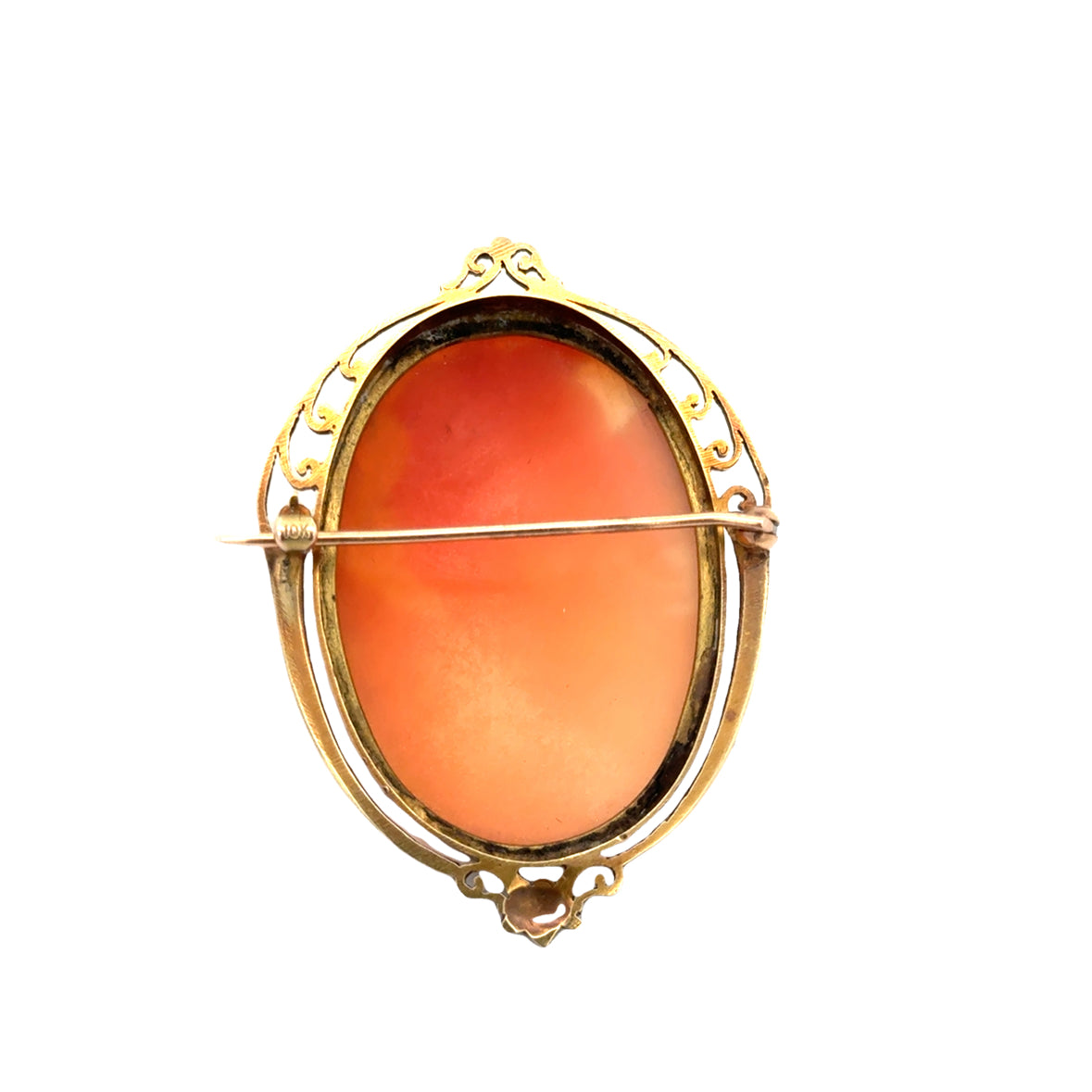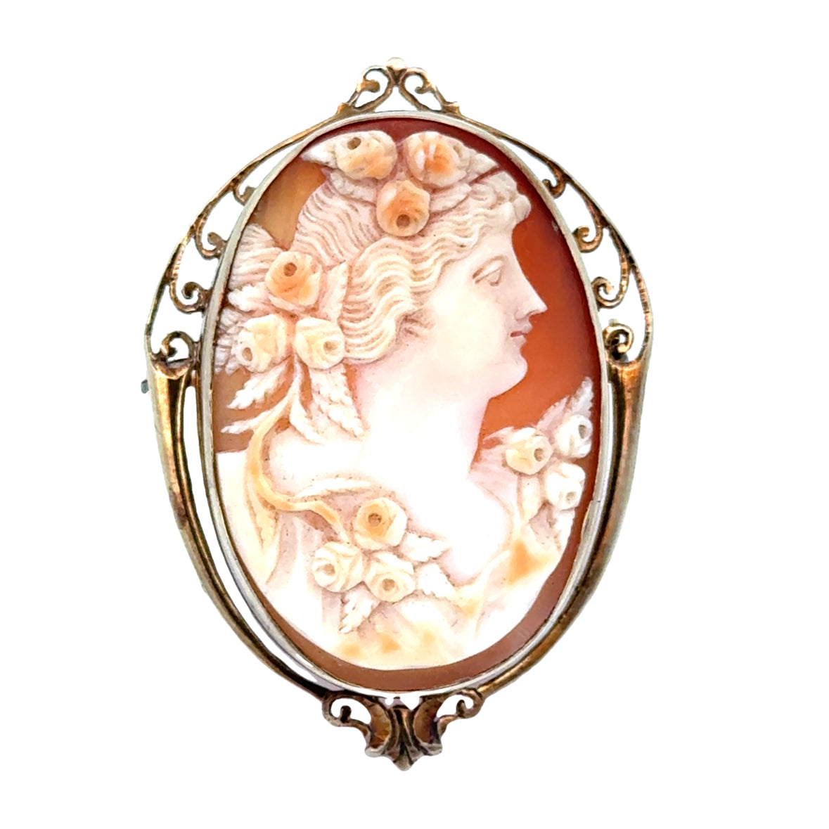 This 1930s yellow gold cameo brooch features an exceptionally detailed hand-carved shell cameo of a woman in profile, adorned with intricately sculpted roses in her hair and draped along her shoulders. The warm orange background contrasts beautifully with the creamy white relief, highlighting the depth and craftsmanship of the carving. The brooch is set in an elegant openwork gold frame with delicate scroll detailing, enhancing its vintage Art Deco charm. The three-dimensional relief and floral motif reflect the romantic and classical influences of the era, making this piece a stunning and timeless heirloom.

* * *

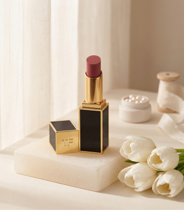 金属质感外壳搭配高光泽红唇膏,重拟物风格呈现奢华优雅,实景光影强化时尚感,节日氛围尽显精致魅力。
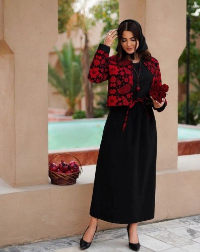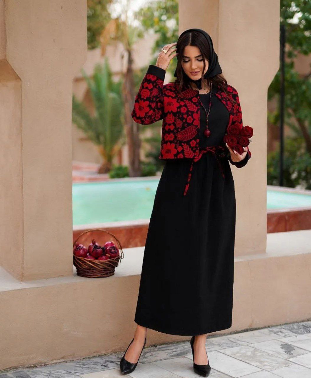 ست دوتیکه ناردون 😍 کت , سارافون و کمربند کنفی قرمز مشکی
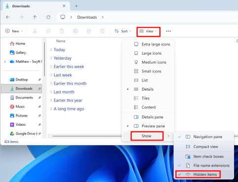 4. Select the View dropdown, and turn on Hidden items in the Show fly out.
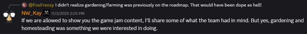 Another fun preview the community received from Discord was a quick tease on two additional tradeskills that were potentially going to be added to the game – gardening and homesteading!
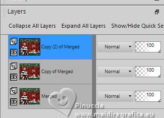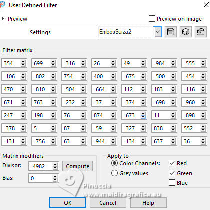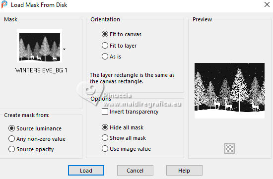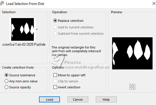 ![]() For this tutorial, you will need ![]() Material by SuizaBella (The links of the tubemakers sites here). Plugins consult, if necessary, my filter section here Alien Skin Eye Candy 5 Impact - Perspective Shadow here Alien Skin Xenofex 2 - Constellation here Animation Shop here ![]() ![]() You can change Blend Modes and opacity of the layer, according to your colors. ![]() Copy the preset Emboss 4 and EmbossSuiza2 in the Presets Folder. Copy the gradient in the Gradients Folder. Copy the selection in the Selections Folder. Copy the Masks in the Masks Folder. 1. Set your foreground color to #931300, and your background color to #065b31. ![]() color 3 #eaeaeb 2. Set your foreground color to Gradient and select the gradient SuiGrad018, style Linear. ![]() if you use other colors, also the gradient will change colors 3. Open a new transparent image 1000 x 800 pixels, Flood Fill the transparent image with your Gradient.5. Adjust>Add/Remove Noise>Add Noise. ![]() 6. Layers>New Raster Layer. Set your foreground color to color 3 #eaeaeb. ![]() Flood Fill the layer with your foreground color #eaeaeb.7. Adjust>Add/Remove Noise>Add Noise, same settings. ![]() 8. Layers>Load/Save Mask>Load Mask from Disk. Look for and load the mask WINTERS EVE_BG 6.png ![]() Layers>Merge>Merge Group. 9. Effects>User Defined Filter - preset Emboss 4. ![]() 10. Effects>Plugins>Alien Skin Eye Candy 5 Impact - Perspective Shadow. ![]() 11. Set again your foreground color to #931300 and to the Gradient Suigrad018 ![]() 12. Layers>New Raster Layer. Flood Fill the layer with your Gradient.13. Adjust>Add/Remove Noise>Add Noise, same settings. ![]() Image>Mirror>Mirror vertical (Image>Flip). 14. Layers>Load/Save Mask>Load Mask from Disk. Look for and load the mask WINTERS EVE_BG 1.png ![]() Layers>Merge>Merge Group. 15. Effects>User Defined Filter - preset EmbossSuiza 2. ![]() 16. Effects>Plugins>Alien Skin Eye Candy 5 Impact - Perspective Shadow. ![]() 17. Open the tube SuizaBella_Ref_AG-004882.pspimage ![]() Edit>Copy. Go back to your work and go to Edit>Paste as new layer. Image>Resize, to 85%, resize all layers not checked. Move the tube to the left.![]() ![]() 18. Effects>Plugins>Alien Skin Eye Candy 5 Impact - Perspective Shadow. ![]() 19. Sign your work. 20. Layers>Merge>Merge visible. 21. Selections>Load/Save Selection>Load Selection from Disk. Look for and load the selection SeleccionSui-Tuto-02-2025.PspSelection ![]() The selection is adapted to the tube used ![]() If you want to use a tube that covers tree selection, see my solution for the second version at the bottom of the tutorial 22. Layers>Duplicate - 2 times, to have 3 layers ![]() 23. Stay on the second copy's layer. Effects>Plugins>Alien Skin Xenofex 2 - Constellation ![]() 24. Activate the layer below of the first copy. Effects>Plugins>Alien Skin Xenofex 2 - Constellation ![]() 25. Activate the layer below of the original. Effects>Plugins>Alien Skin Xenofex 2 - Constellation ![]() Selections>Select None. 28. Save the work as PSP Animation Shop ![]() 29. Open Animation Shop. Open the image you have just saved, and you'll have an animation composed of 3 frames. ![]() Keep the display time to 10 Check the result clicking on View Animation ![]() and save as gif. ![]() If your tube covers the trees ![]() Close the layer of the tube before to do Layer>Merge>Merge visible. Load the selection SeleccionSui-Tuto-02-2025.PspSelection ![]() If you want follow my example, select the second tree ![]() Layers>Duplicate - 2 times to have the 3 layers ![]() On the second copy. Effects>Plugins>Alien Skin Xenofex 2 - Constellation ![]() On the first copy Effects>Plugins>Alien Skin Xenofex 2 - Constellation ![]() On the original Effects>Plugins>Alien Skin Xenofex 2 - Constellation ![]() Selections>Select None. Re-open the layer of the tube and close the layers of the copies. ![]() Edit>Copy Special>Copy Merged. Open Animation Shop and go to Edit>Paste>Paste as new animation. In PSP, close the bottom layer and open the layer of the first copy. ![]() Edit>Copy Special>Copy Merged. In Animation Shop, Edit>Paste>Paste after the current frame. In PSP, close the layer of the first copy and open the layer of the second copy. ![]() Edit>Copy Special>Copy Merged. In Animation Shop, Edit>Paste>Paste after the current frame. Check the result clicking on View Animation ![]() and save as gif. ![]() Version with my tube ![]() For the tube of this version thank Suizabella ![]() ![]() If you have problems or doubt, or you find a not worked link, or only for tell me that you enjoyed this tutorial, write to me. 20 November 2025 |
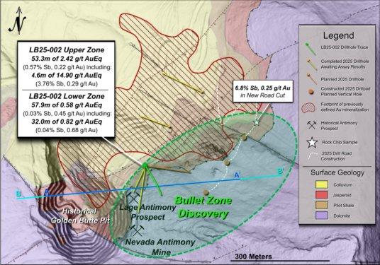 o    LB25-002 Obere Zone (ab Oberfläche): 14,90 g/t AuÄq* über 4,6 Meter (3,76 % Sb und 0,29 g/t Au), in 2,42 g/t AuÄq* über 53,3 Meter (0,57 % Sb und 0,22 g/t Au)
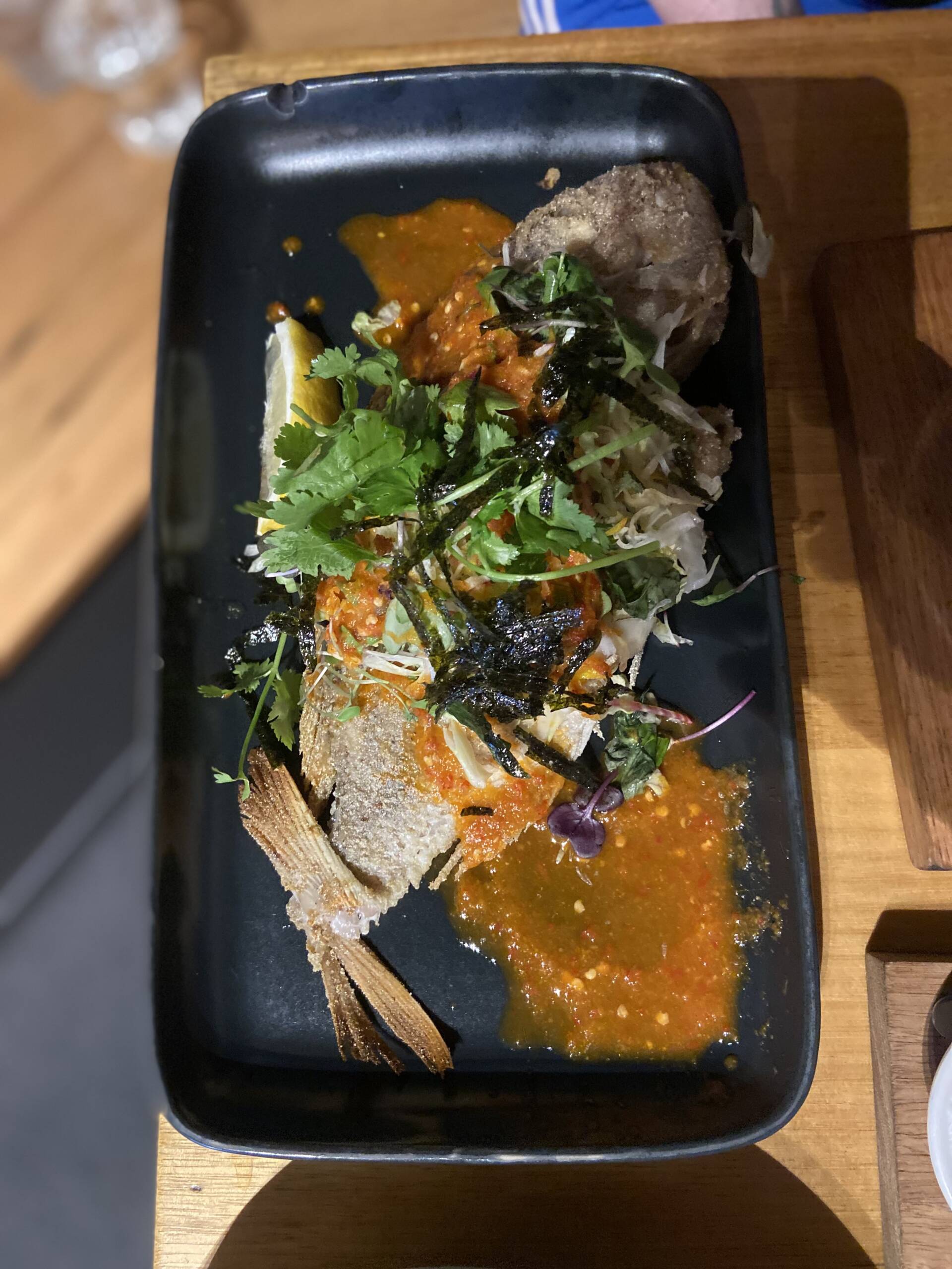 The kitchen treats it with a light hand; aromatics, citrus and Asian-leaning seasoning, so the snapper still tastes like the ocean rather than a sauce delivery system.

--- Task brief ---
Give again the lines of the listing above that run from the one with "金属质感外壳搭配高光泽红唇膏" up to and including the one with "Another fun preview". Keep them exact and omit the pictures.

--- Reply ---
 金属质感外壳搭配高光泽红唇膏,重拟物风格呈现奢华优雅,实景光影强化时尚感,节日氛围尽显精致魅力。
 ست دوتیکه ناردون 😍 کت , سارافون و کمربند کنفی قرمز مشکی
 4. Select the View dropdown, and turn on Hidden items in the Show fly out.
 Another fun preview the community received from Discord was a quick tease on two additional tradeskills that were potentially going to be added to the game – gardening and homesteading!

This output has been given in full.